И спрашивает меня по-приятельски: каков мой совет? А что тут советывать? Про явку ему уже сказано, а в другом роде – как советывать? Пропало не мое, а его добро – чужую обиду легко прощать…
– Нет, – говорю, – я советывать не могу, а если хотите, я могу вам сказать, как со мною раз было подобное и что дальше случилося.
Он говорит: пожалуйста, расскажите. Я и рассказал, что раз со мною и с вором случилося.

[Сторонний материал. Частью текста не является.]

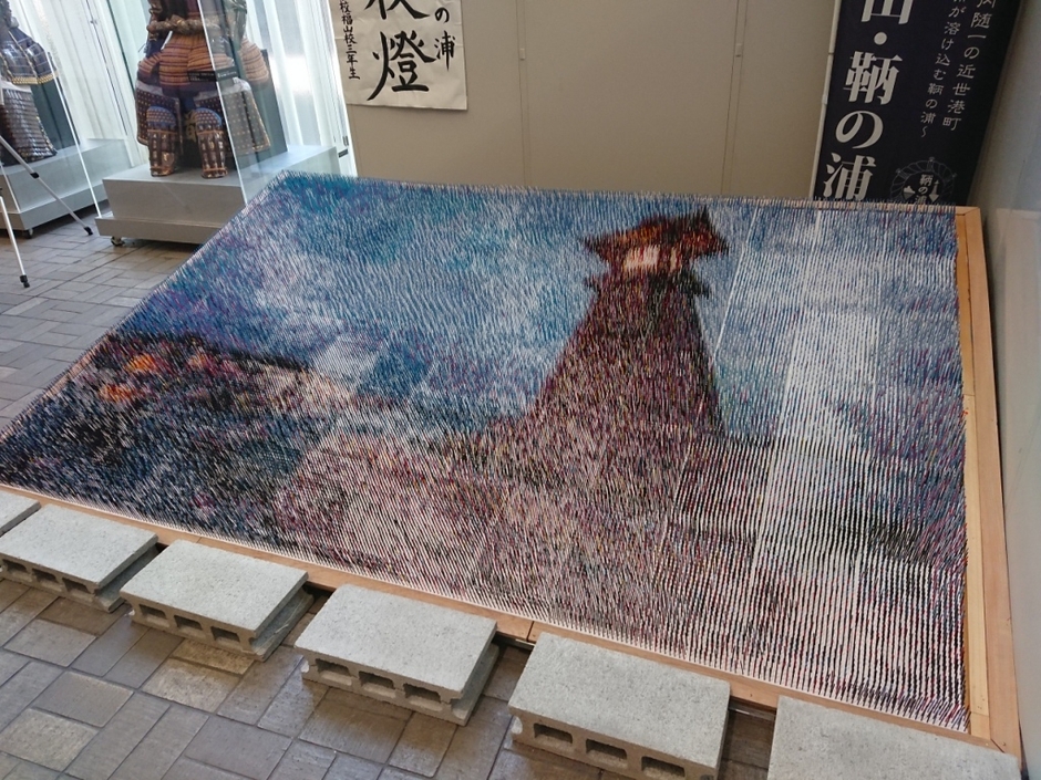 合計44,720本のつまようじで作られた巨大なアートで、遠く(斜め)から見ると常夜燈の姿がくっきりと見え、近くで見るとまるで地平線までつまようじで埋め尽くされているようです。日本遺産にも認定された「鞆の浦」の魅力が伝わる作品になっています。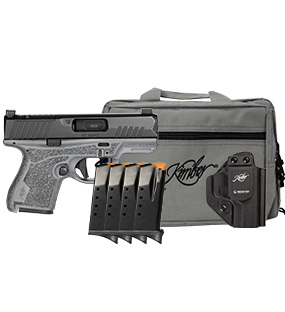 Bundle set obsahuje: 4 zásobníky na 10 nábojů; 1 flush zásobník na 10 nábojů; pouzdro Mission First Tactical Kydex a značkovou tašku Kimber range bag.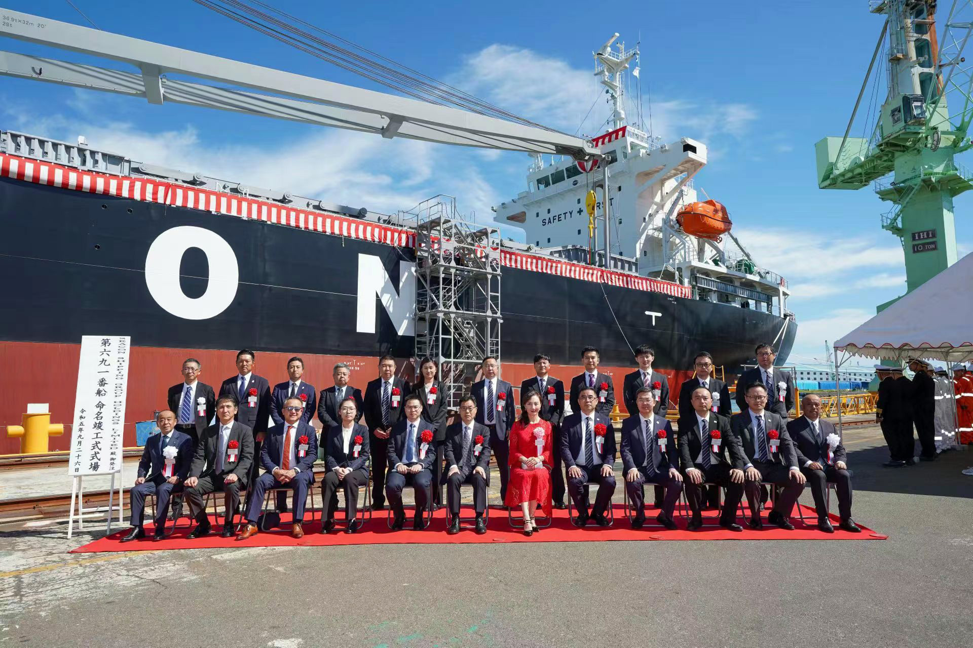 村上秀造船株式會社代表取締役社長村上英治、普華永道中天會計師事務所合伙人張國俊、北銀金融租賃公司資產(chǎn)管理經(jīng)理張春雨、漢坤律師事務所合伙人王哲、丸紅株式會社航空?船舶本部副本部長中川聡、日本海事協(xié)會東日本管區(qū)事務所長林哲也,及洲際船務集團控股有限公司執(zhí)行董事、總經(jīng)理陳澤凱等參加交付儀式。教母張蔚女士為新船命名并砍纜,同時送上祝福:祝愿新船一帆風順,一路平安,揚帆遠航,載譽全球。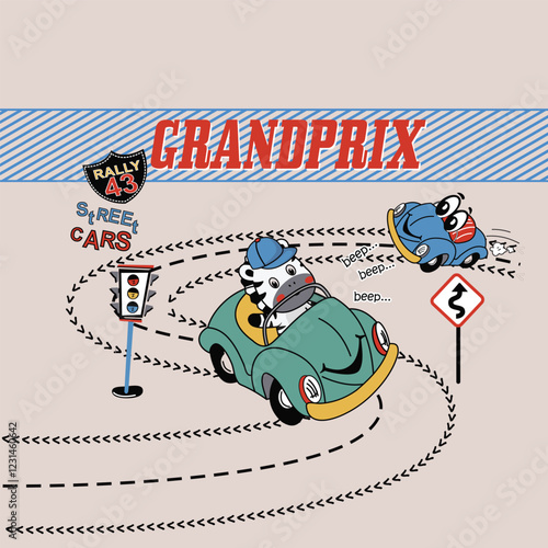Fototapeta premium Cute animal vector illustration racing at high speed in a thrilling car race, fast and dynamic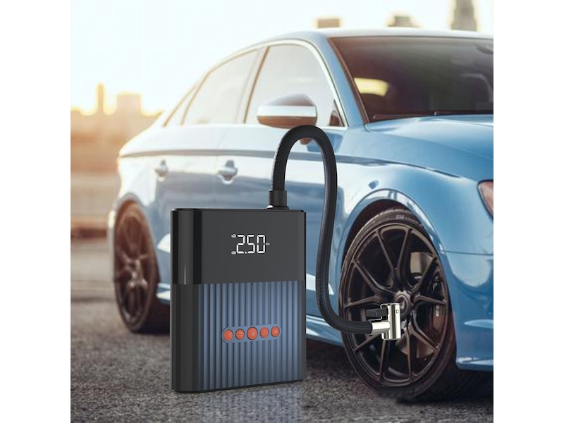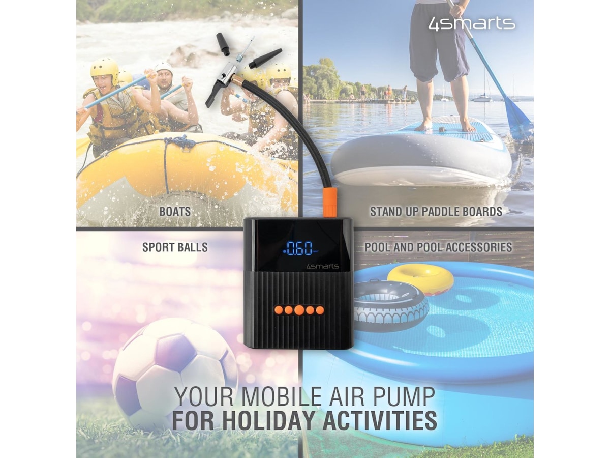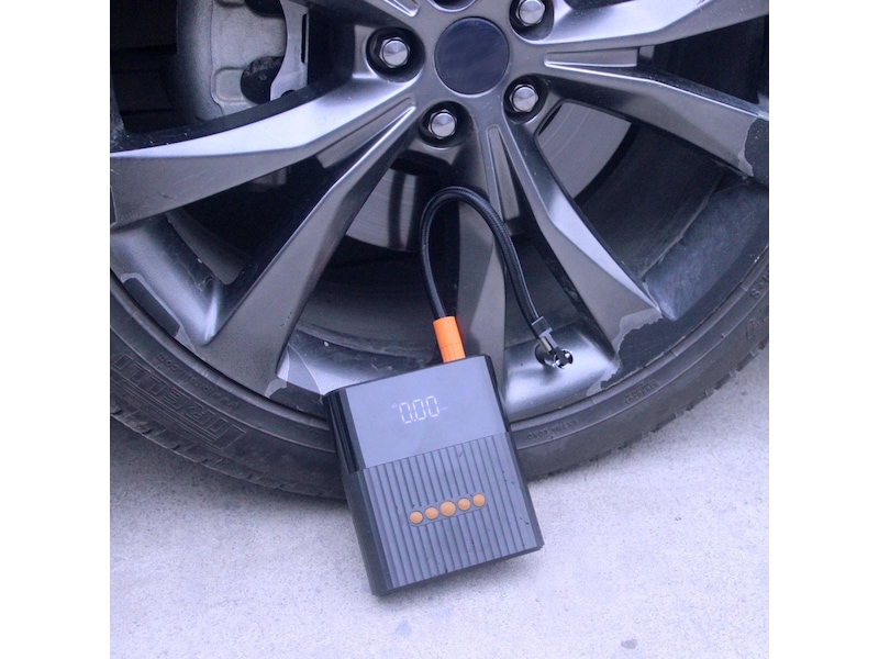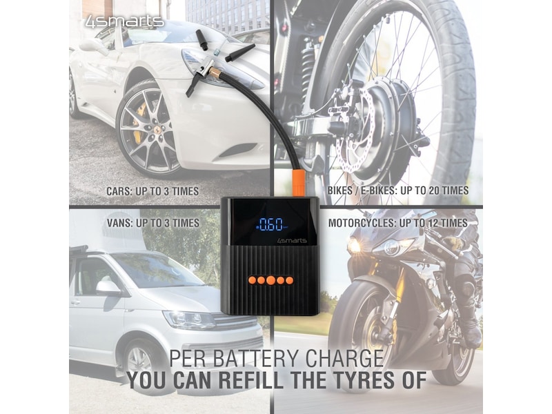 - Effektiv: Den integrerte kraftige kompressoren leveres med forskjellig tilbehørsdeler. Bare koble den aktuelle adapteren til det respektive dekket og still inn det ønskede dekktrykket. Pumpen fungerer automatisk til man har nådd riktig trykk.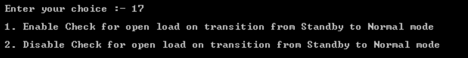通过按下选项 1,用户可以在从待机模式转换到正常模式时启用开路负载检查。 - 按#2 禁用检查开路负载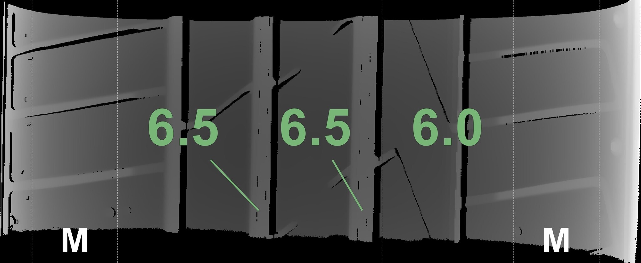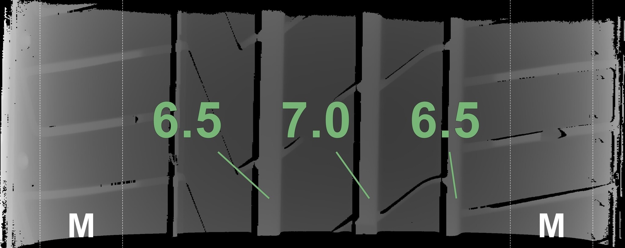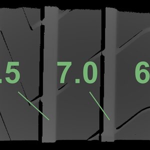 Die gemessenen Profiltiefen und die Details der Felgen sind oben dargestellt.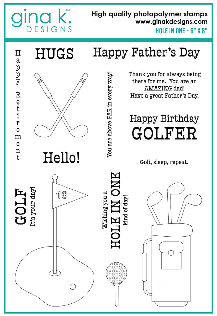 Hole in One is a stamp set by Debrah Warner. This set is made of premium clear photopolymer and measures 6" X 8". Made in the USA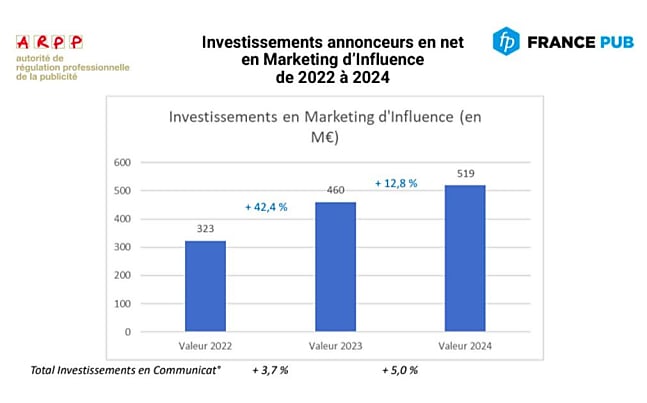 Le marketing d’influence continue son ascension en France. C’est ce que révèle la première étude conjointe de l’ARPP (Autorité de Régulation Professionnelle de la Publicité) et de France Pub, présentée en conférence de presse ce mardi 13 mai et consacrée aux investissements des annonceurs – nationaux comme locaux – dans ce levier devenu stratégique. En 2024, le secteur franchit un cap symbolique avec 519 millions d’euros investis, marquant une progression de 12,8 % par rapport à 2023, et de 42,4 % depuis 2022. Une dynamique qui dépasse largement celle des investissements en communication globale.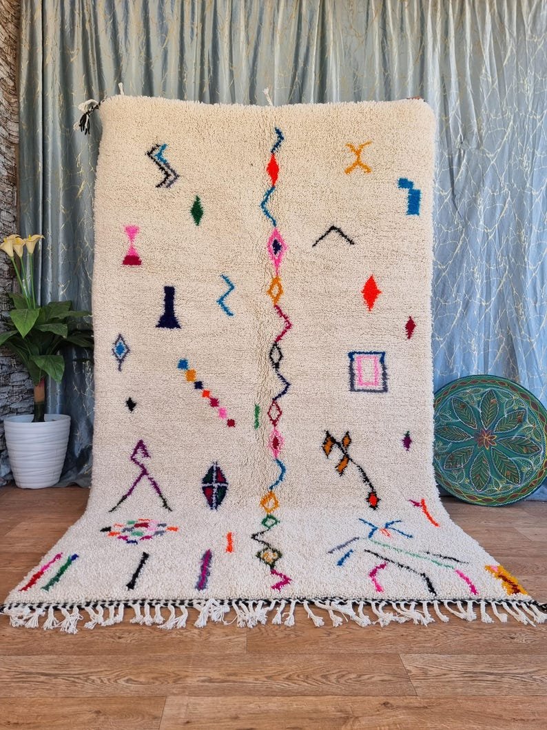 Handwoven in Morocco from 100% natural wool, this rug offers a thick, plush pile that feels soft and cozy underfoot while providing long-lasting durability. Its bright accents over a neutral background make it perfect for modern living rooms, bohemian interiors, creative spaces, and minimalist homes that want a touch of color and culture.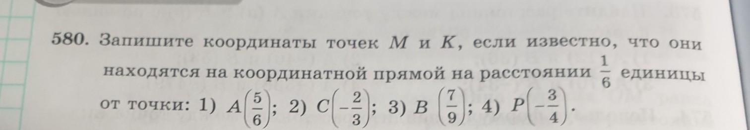 580. Запишите координаты точек М и К, если известно, что они 2 7 3 находятся на координатной прямой на расстоянии 2) C(-3); 3) в ; 4) Р 9 5 4 6 той изображены точки А от точки: 1) А 1 6 единицы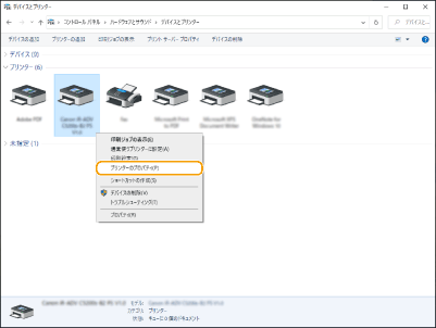 本機のアイコンを右クリックし、[プリンターのプロパティ]をクリックする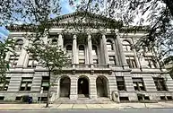 Cummings explored the Richardsonian Romanesque mode in several of his buildings at Russell Sage. The Paine Mansion at 49 Second Street applied the same style, with arcaded entrance loggia and corner tower, to a home. The brick drugstore annex at 155-157 River Street is a particularly representative commercial example of the style.[40] In 1893 the World's Columbian Exposition in Chicago popularized the Classical and Renaissance revivals and Beaux-Arts style. They came to Troy very quickly when Marcus Cummings and his son Frederick designed the Classical Revival county courthouse at 80 Second Street, the third to occupy the site, the following year. A short distance away three years later, the Renaissance Revival Hart Memorial Library was built of Vermont marble, joining the similarly styled 1895 Frear Mansion, also on Second Street.[41]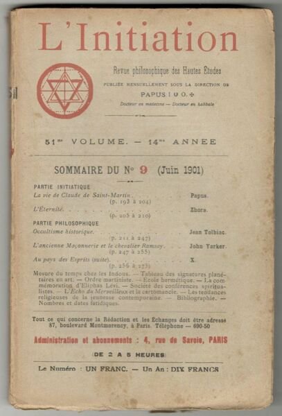 L'Initiation. Revue philosophique des Hautes Études. Publiée mensuellement sous la direction de Papus. 51me volume. 14me année. N. 9 (Juin 1901)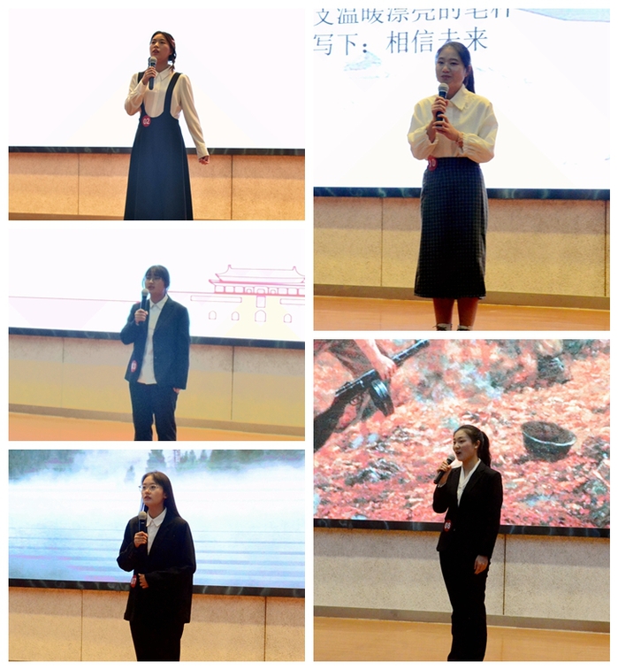 比賽伊始,在個人朗誦環(huán)節(jié)中,各位選手聲情并茂、充滿激情地朗誦經(jīng)典文學(xué)作品。其中,選手們對《誰是我們最可愛的人》《月光下的中國》等選段的精彩演繹,抒發(fā)了強烈的愛國情感。經(jīng)過第一輪的精彩比拼,共有七位選手晉級第二輪——故事人生環(huán)節(jié)。七位選手從“1921年”、“紅軍長征”、“抗美援朝”、“改革開放”、“脫貧攻堅”、“疫情”六個關(guān)鍵詞中隨機抽取,以抽取的關(guān)鍵詞為主題講述故事,選手們緊扣關(guān)鍵詞,引經(jīng)據(jù)典,為觀眾講述了一個個令人難忘的故事,贏得了場下觀眾和評委們的陣陣掌聲。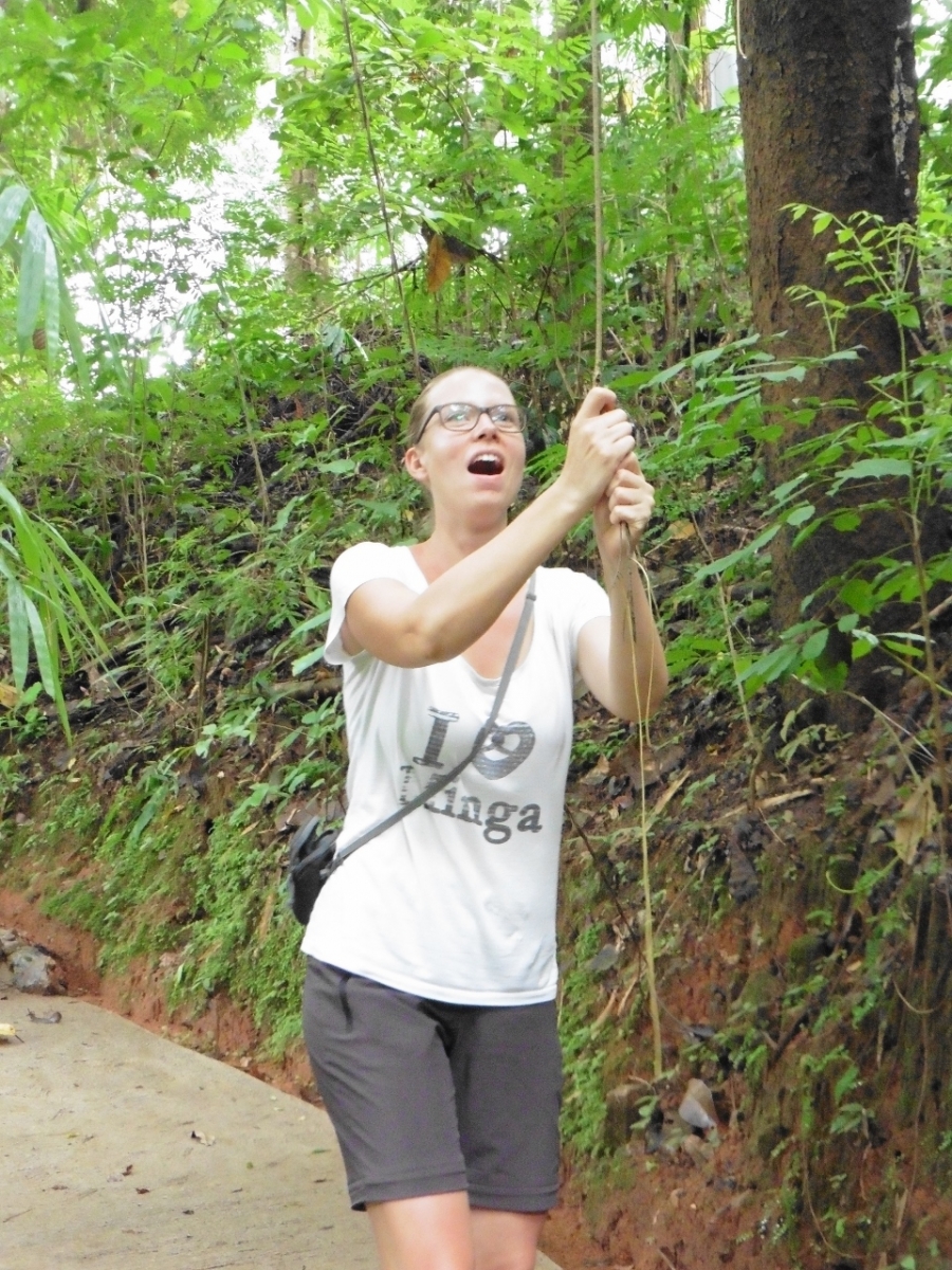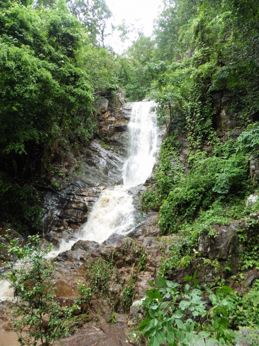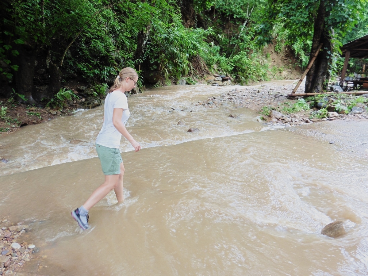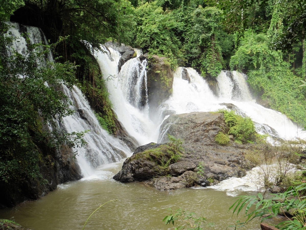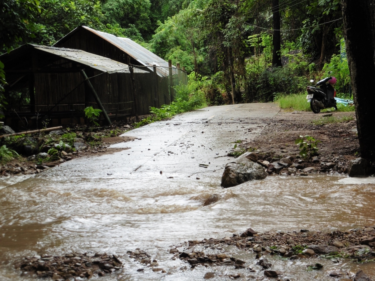 Am nächsten Morgen verfolgten wir dann den gleichen Plan, der auch in Pai schon so gut funktioniert hatte. Roller leihen und raus aus der Stadt. Das stellte sich aber als schwieriger heraus als angenommen, da es scheinbar nur einen Rollerverleih gibt und der will erstmal gefunden werden. Aber nach ein wenig rumfragen (fragen bedeutet in diesem Fall eher Hände, Füße und Google translate) stöberten wir den Verleih auf und konnten uns auf den Weg in den Mae Surin Nationalpark machen. Leider bekamen wir hier zum ersten mal die Nachteile der Regenzeit zu spüren, denn die Straße zur Hauptattraktion – dem „Mae Surin Wasserfall“ – war leider gesperrt. Wir hatten uns aber zwei andere Wasserfälle auserkoren, die wir besichtigen wollten: den Pha Bong und Pha Suea. Die Fahrt zum ersten stellte sich als schwieriger heraus als gedacht, denn wegen der Regenzeit war die Straße ca. 10-20 cm überflutet. Zuerst wollten wir schon umkehren, doch dann kam ein netter Thai, der uns anwies einfach mit ein bisschen Schwung durchzufahren. Ganz geheuer war uns dabei nicht, aber gesagt getan und tatsächlich kamen wir unbeschadet durch. Nur um 100m später vor der nächsten Überflutung zu stehen, aber nach ein wenig zögern und testen der Tiefe probierten wir es einfach nochmal, und siehe da auch hier kamen wir durch. Aber aller guten Dinge sind nun mal drei und so standen wir 200m später vor der größten Überflutung. Die war uns dann nicht mehr ganz geheuer, weshalb wir den Roller abstellten und die letzten 400m zu Fuß bewältigten. Der Wasserfall selbst war zwar eher unspektakulär aber in diesem Fall zählt wohl das Motto: „Der Weg ist das Ziel“ 🙂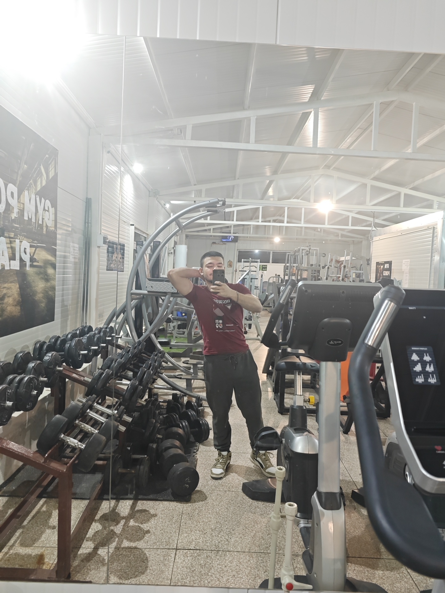 A man is taking a selfie in a gym in Gulyantsi, Bulgaria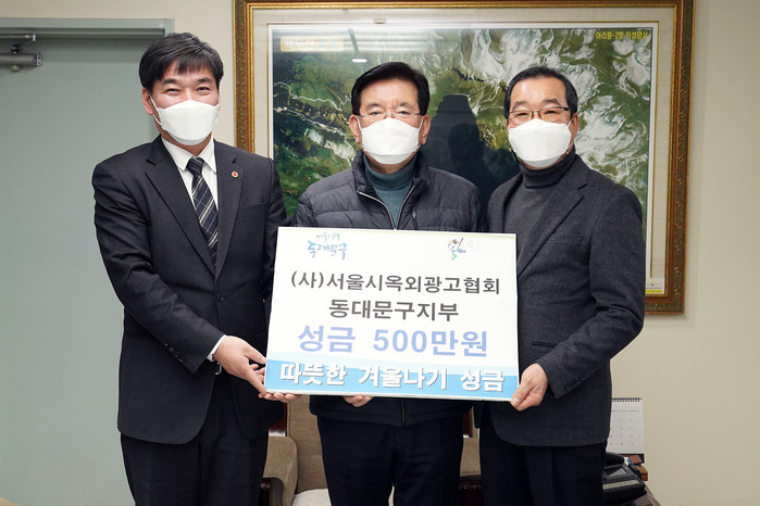 서울 동대문구는 27일 (사)서울시옥외광고협회 동대문구지부로부터 따뜻한 겨울나기 불우이웃돕기 성금 500만원을 기탁받았다. 기탁된 성금은 서울사회복지공동모금회를 통해 취약계층을 위한 생계비·의료비 등으로 사용될 계획이다. 사진은 전달식에서 유덕열 구청장(가운데)과 관계자들이 기념촬영을 하는 모습. (사진제공=동대문구청)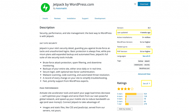 Puteți găsi majoritatea (dacă nu toate) aceste informații uitându-vă la lista unui plugin în Directorul de pluginuri WordPress:

Сделал я раз себе шубу, и стала она мне триста рублей, а была претяжелая, так бывало плечи отсадит, что мочи нет. Я и взял с нею дурную привычку – идучи, все ее с плеч спускать, и оттого скоро отбил в ней подол. Утром в рождественский сочельник служанка говорит мне:
– Шуба подбилася: я по-портновски мех подшить не умею – посажу на игле, весь подол станет морщиться; дворник говорит, что рядом в доме у него знакомый портнишка есть – очень хорошо починку делает; не послать ли к нему шубу с дворником? Он к вечеру ее назад принесет.
Я отвечаю: "Хорошо". Девушка и отдала мою шубу дворнику, а дворник отнес ее рядом в дом, своему знакомому портнишке.
А сочельник пришел с оттепелью, капели капали: вечером мне шуба не понадобилась – в пальто было впору.
Я про шубу забыл и не спросил ее, а на Рождество слышу, в кухне какой-то спор и смущение: дворник, бледный и испуганный, не с праздником поздравляет, а рассказывает, что моей шубы нет и сам портнишка пропал… просит меня дворник, чтобы я подал явку. Я не стал подавать, а он от себя подал.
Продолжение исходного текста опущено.